Merci aux vapoteurs : cette victoire est aussi la vôtre
Rien de tout cela n’aurait été possible sans la mobilisation des vapoteurs.
La pétition « Vaper n’est pas fumer. Lettre à nos élus » a réuni plus de 250 000 signatures en seulement trois mois.
Un message clair, fort, impossible à ignorer.
Cette mobilisation a rappelé une chose essentielle :
-> la vape n’est pas un problème,
-> elle fait partie de la solution.
Alors merci à toutes celles et ceux qui se sont mobilisés, ont partagé, signé, expliqué.
Et maintenant ? Continuer à avancer ensemble
Oui, cette victoire mérite d’être célébrée.
Mais elle nous rappelle aussi que rien n’est jamais définitivement acquis.
Des discussions sont toujours en cours au niveau européen, notamment sur la fiscalité des e-liquides.
Et dans plusieurs pays, la vape est déjà surtaxée, privée d’arômes ou interdite à la vente en ligne.

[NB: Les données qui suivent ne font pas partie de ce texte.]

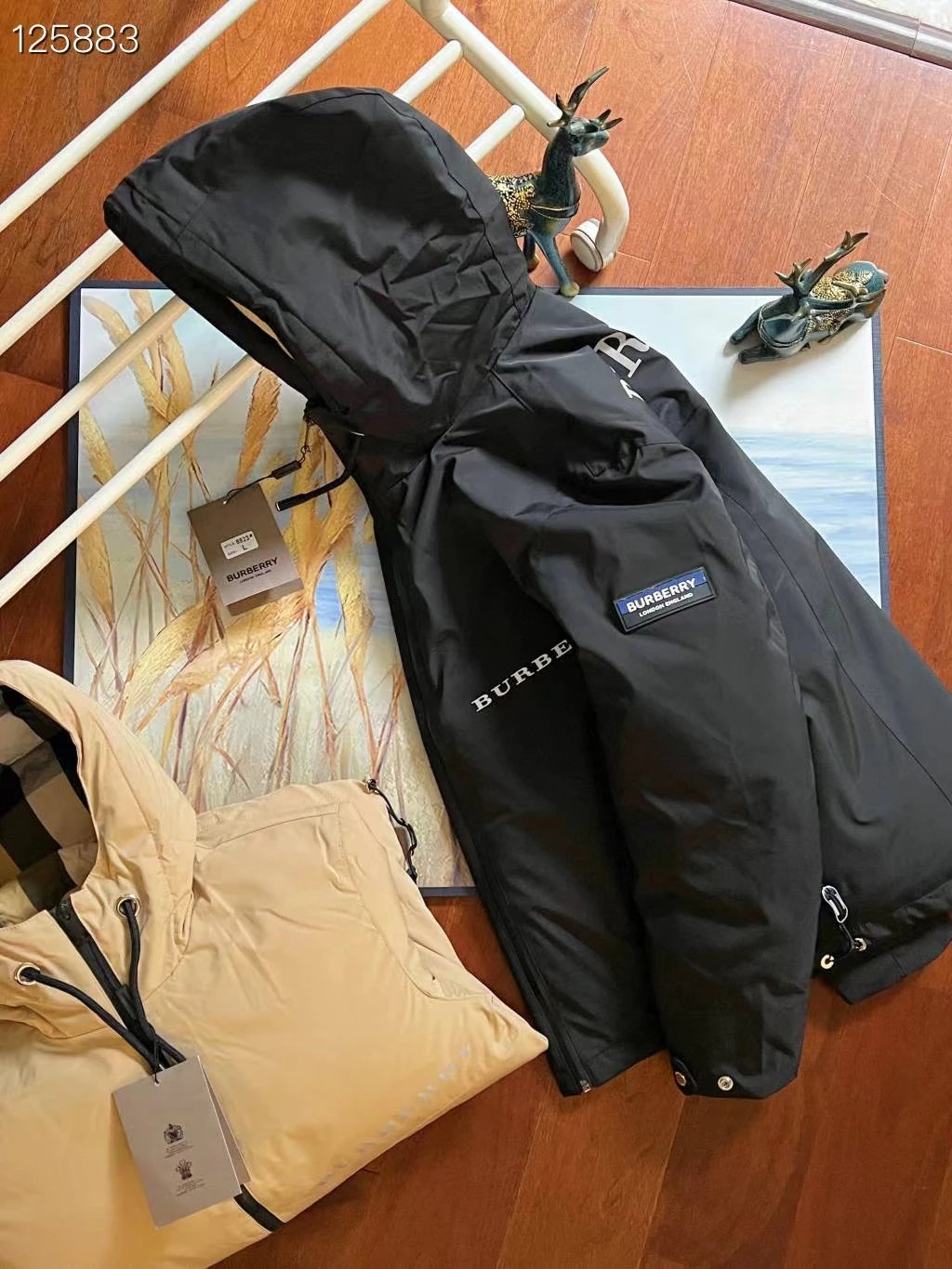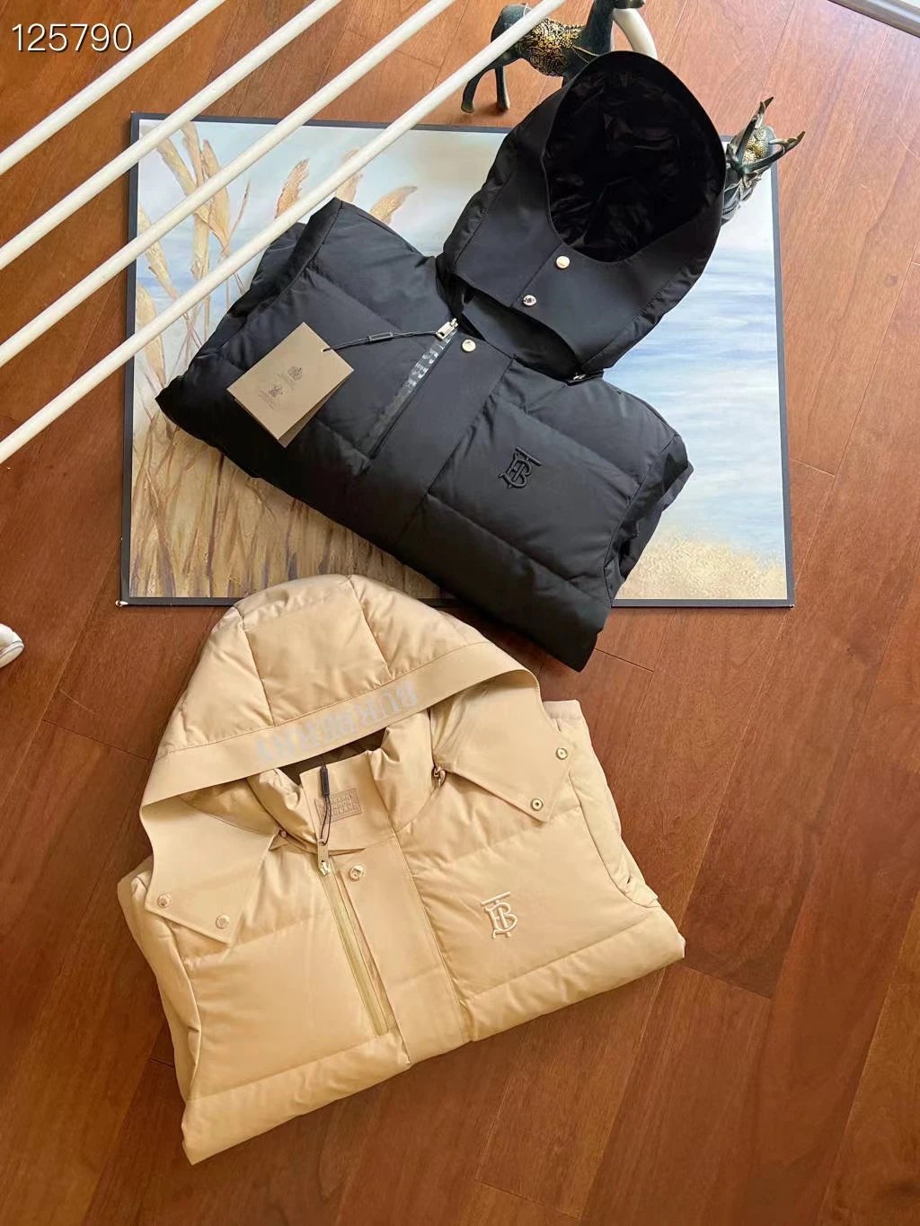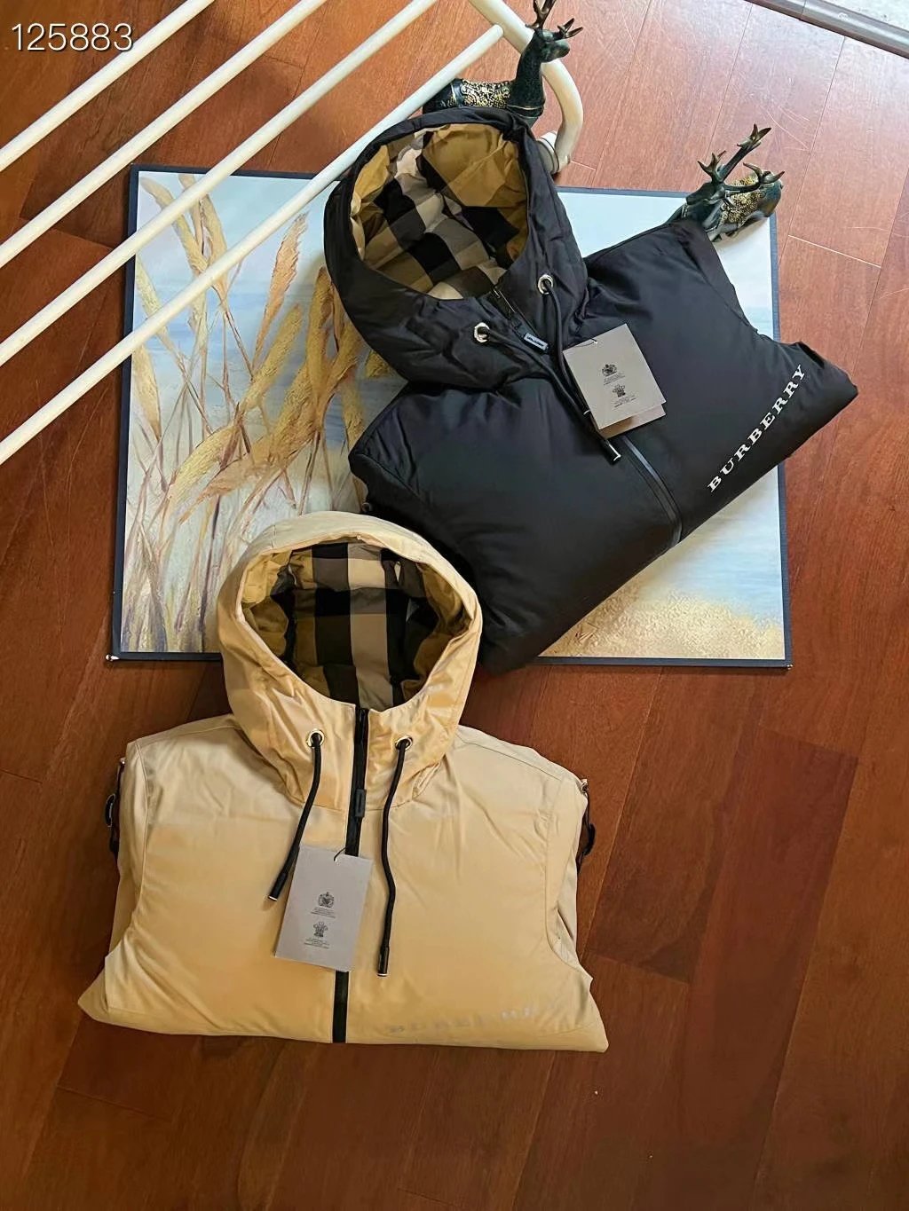 Premium Burberry men's hooded puffer jackets in beige and black, featuring water-resistant fabric, front zip closure, and signature logo branding for stylish winter protection.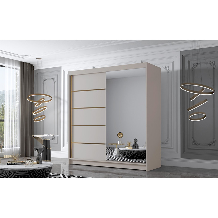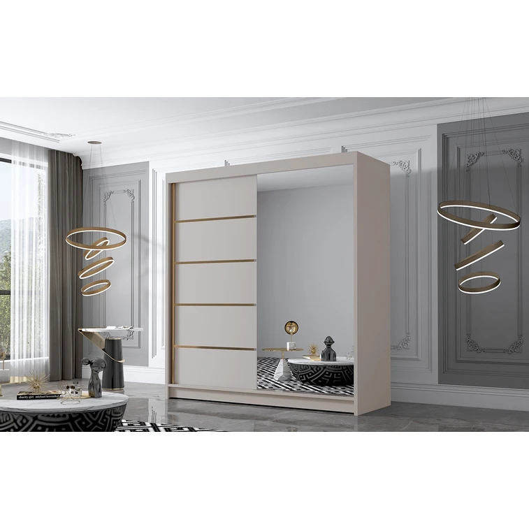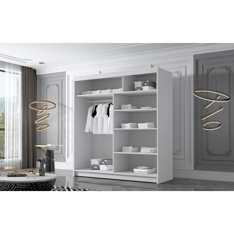 Posuvná šatníková skriňa BALI III kombinuje klasickú jednoduchosť a moderný dizajn. Zrkadlo umiestnené na dverách dodáva svoje jedinečné kúzlo. Je ideálna ako šatníková skriňa do predsiene alebo miesto na uloženie oblečenia v spálni alebo iných drobností každodennej potreby. Vnútro šatníkovej skrine je rozdelené na dve rovnaké časti. Na jednej strane sú police a na druhej strane je závesná šatníková tyč.

Cet épisode nous le montre clairement :
- la vape est encore mal comprise
- elle peut devenir, trop vite, un débat idéologique
À nous de continuer à informer, expliquer et défendre une vape responsable.
Une victoire, un cap, une ambition
La suppression de l’article 23 est une excellente nouvelle.
Pour les vapoteurs.
Pour les professionnels.
Pour la santé publique.
Célébrons cette étape.
Et continuons, ensemble, à faire de la vape le choix n°1 des Français pour arrêter de fumer.
Parce qu’une vape accessible, encadrée et comprise, c’est moins de cigarettes, et plus de liberté de choix.